Previous studies have identified HO•, O2•− and1O2 as the primary reactive species in Fe(Ⅱ)/nCP Fenton-like reactions [28,29]. Therefore, electron paramagnetic resonance (EPR) was used to characterize the reactive species in the Fe(Ⅱ)/PDA@nCP Fenton-like system. Figs. 3a and b showed the characteristic 1:2:2:1 DMPO-HO• peak captured by DMPO at 1 min and 5 min [30]. With the progression of the Fe(Ⅱ)/PDA@nCP Fenton-like reaction, the intensity of the DMPO-HO• peak increases after 5 min, indicating HO• stabilization in the system. Additionally, DMPO and TEMP were used to capture O2•− and1O2 [31,32]. The results confirmed the presence of O2•− and1O2, as evidenced by six characteristic peaks for DMPO-O2•− and three for TEMP-1O2. However, the specific contributions of each reactive species to NB degradation within the system remain unclear.
To identify the primary reactive species responsible for NB degradation, their contribution was investigated through reactive species scavenging experiments. tert-Butanol (TBA), 1,4-p-benzoquinone (PBQ), and furfuryl alcohol (FFA) were selected to scavenge HO•, O2•− and1O2 [33,34]. The NB degradation rate was found to be 16.7% after TBA scavenged HO•, 89% after PBQ scavenged O2•− and 63.99% after FFA scavenged1O2 (Fig. 3c). These results indicate that all three reactive species contribute to NB degradation, but HO• plays the primary role in this Fenton-like system.
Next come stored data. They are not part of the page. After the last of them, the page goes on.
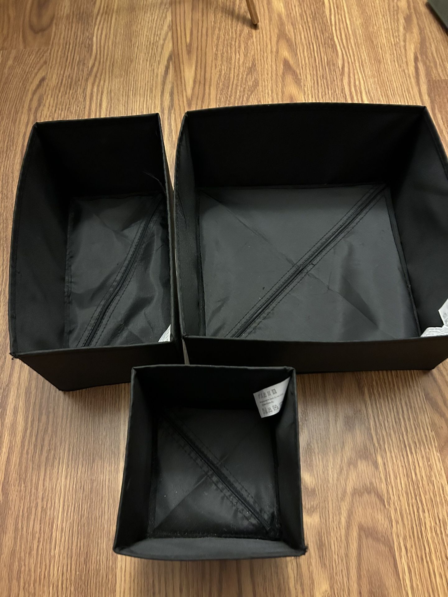 This set consists of 3 dresser drawer organizers. They come in different sized storage bins to match all sizes of drawers. They are used to organize your items so that the items have their own separate space to make life neater. Great for organizing underwear, bras, socks, etc. They are foldable, durable, collapsible, lightweight, and multiuse. Each has zipper at the bottom and a label holder to write the item’s name. The biggest square one is 11” x 11” x 5” The small square is 5.5” x 5.5” x 5” The rectangle one is 11” x 5.5” x 5” Great condition. Pet and smoke free home.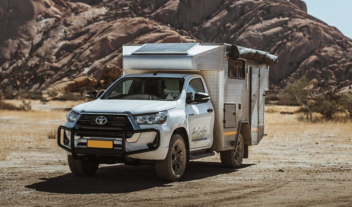 Der Group K - Toyota Hilux 2.4 (Auto) Bushcamper 4×4 ist ein gut ausgestatteter und hochwertiger Camper von Asco Car Hire. Das Fahrzeug verfügt über eine geschlossene Kabine mit hoch-fahrbarem Dach, wodurch eine angenehme Innenhöhe entsteht.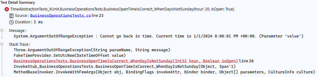 Using FakeTimeProvider with xUnit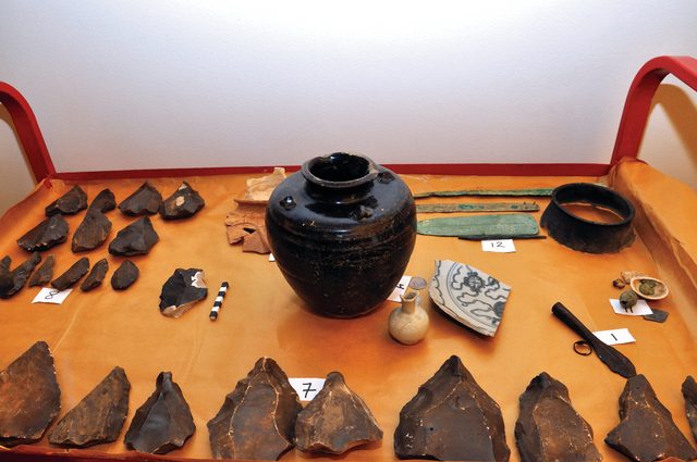 وتشمل هذه القطع الأثرية، ثلاثيات الفصوص، وأنياب، وجماجم، وفكوك حيوانات، ورؤوس سهام، وأدوات بدائية، ونقوش صخرية.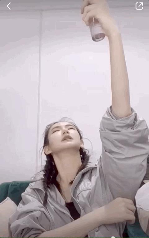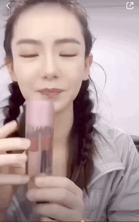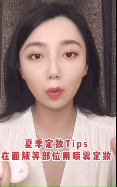 注意大家在喷定妆喷雾的时候不要离脸部太近,稍微远一点,像戚薇这样就是刚好的距离。
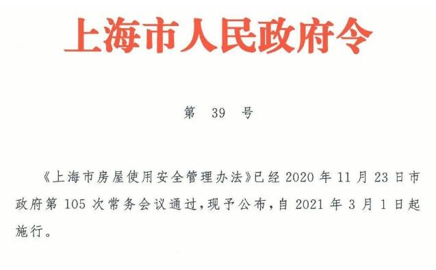為加強本市房屋使用安全管理,保障公民、法人和其他組織的人身、財產(chǎn)安全,維護社會公共安全,根據(jù)相關(guān)法律、法規(guī)的規(guī)定,上海市特制定《上海市房屋使用安全管理辦法》。本辦法自2021年3月1日起施行。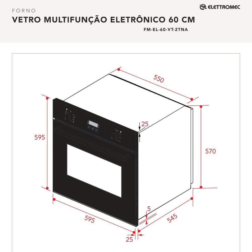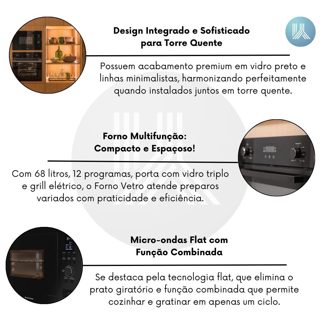 Micro-ondas de Embutir Vetro Elettromec Função Combinada 23 Litros 220V Quant: 1xForno Elétrico de Embutir Vetro Elettromec Multifunção Eletrônico 68L 60cm 220V Quant: 1x - Garantia: 2 anos

PDA shell enhanced the generation of reactive species in the Fe(Ⅱ)/PDA@nCP Fenton-like system. Thus, further investigation of Fe(Ⅱ)/PDA@nCP, Fe(Ⅱ)/nCP and Fe(Ⅱ)/H2O2 systems was conducted to find out the relationship between the PDA shell and the system's reactive species by determining HO•. H2O2 release from PDA@nCP was analyzed before the experiment to determine the H2O2 content needs to be added to the Fe(Ⅱ)/H2O2 Fenton system. HO• production in the systems was quantified by sodium benzoate (Text S5 in Supporting information). It was found that the HO• production in the Fe(Ⅱ)/nCP system significantly lowered than in the Fe(Ⅱ)/H2O2 system (Fig. 3d). This may be primarily due to the nCP decomposition increasing the pH of the reaction solution. Previous studies have indicated that an excessively high pH is detrimental to HO• production [35]. Notably, 60 min after initiating the reaction, the Fe(Ⅱ)/PDA@nCP system produced 0.041 mmol/L more HO• than the Fe(Ⅱ)/H2O2 system. Additionally, the pH changes in both the Fe(Ⅱ)/PDA@nCP system and the Fe(Ⅱ)/H2O2 system were measured (Fig. S5 in Supporting information). The Fe(Ⅱ)/PDA@nCP system exhibited a greater pH change upon H2O2 release compared to the Fe(Ⅱ)/H2O2 system. This suggests that the generation of HO• in the Fe(Ⅱ)/PDA@nCP system may be driven by the catalytic activity of Fe(Ⅱ). In other words, the PDA shell structure may facilitate enhanced Fe(Ⅱ)/Fe(Ⅲ) cycling. In light of this, more research on HO• generation in the Fe(Ⅱ)/PDA@nCP system with an emphasis on the PDA shell's surface functional groups was conducted.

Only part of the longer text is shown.